Track Records? They’re Not to be Sneezed At…

There can be no higher purpose than saving human lives.
I hope we all agree on that.
But will hindsight eventually reveal the bludgeoning economic impact of Professor Neil Ferguson’s uber-skewed coronavirus computer model predictions – upon which the government so emphatically (and myopically) relied?
Methinks Nostradamus could have written better code back in the 16th century.
And one can only wonder at this point how seriously the Professor viewed his own findings, after the not-so-quant-savant quit the government’s not-so-SAGE-on-plagues COVID action group due to a not-so-socially-distant tryst. (More focused on Staats than his own stats, perhaps? But I digress…)
Far and away from the Wuhan wet market, and that city’s Biosafety Level 4 Lab, the truly batty behaviour on these shores has been the absence of any acknowledgement of Mr Ferguson’s Imperial Collage (sic) track record over the years.
Let’s remind ourselves:
- 2001 - His prediction that up to 150,000 could perish from Foot and Mouth Disease led to the mass culling of farm animals. Yet less than 200 people actually died; marking the beginning of what would be his own Foot in Mouth affliction.
- 2002 - He forecast up to 50,000 could die from Mad Cow Disease. He also calculated the number of deaths could rise to 150,000 through a sheep epidemic. Though, to be fair, his low-end forecast was as few as 50 deaths. So, when 177 people eventually passed away from Mad Cow, he probably said "See, I was right."
- 2005 – Flushed with failure he then played his Joker with a prediction that up to 200 million people could die from Bird Flu. Yes, really. In an interview with the Grauniad (The Guardian) he compared the avian influenza to the 1918 Spanish Flu; except worse. Makes you wonder how, despite all these terrible epidemics and pandemics, the world population is now over six times bigger. The endgame was apparently only 282 deaths. Oh, and one swan died in Fife.
- 2009 – He trotted out his Swine Flu calculations, possibly with the aid of Tarot Cards, as a best guess or “reasonable worst-case scenario” of 65,000 UK deaths. There were just 457 people who lost their lives. Presumably most of us developed herd immunity by eating bacon rolls. And despite a near-decade of these statistical porkies, there’s no record of anybody in Government calling him out on them. In fact…

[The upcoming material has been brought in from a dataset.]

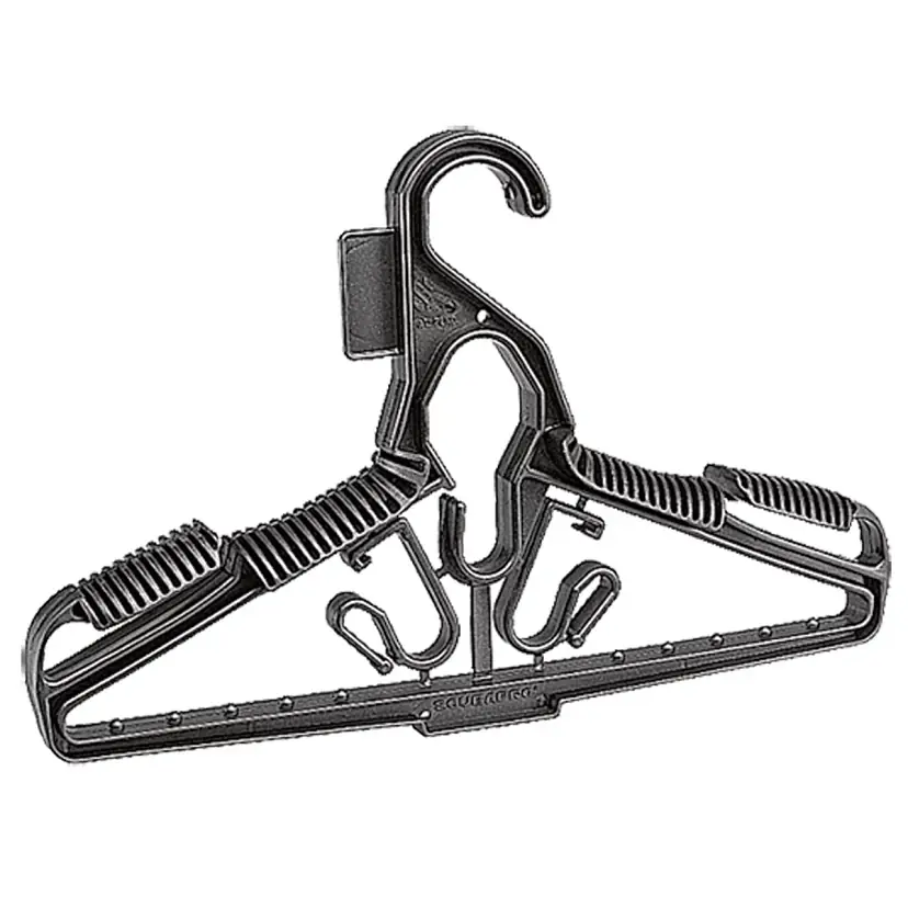 The SCUBAPRO Universal Hanger is a patented device designed to efficiently organize diving gear in a compact space. It provides dedicated hanging options for various equipment, ensuring proper storage and maintenance.

- March 2020 – Even now, while using what would later be described as 13-year-old undocumented computer code – with no mention of Nostradamus, Tarot Cards, or even the odd séance - he and his “team” predicted the coronavirus pandemic could to lead to 250,000 deaths and possibly up to 500,000 in the UK unless stringent lockdown measures were implemented. Those measures however didn’t apply to him.
To me, this level of inconsistency, and the methodology under-pinning it, stinks of either a cover-up or a balls-up. Speaking of which, there’s a rumour Ferguson’s team reckon Norwich City were statistically “in with a chance” of winning the Premier League.
Odd how the lockdown shuttered football too…
In the words of Carl Sagan, "When governments and societies lose their capacity for critical thinking, the results can be catastrophic however sympathetic we may be to those who bought into the baloney."
And when it comes to money, following the herd does not create immunity from harm. In fact, it often leads lambs to the slaughter.
RISK WARNING: Please note that listening to dire predictions from those with poor forecasting track records, and then locking up your savings in fear, can seriously damage your wealth too.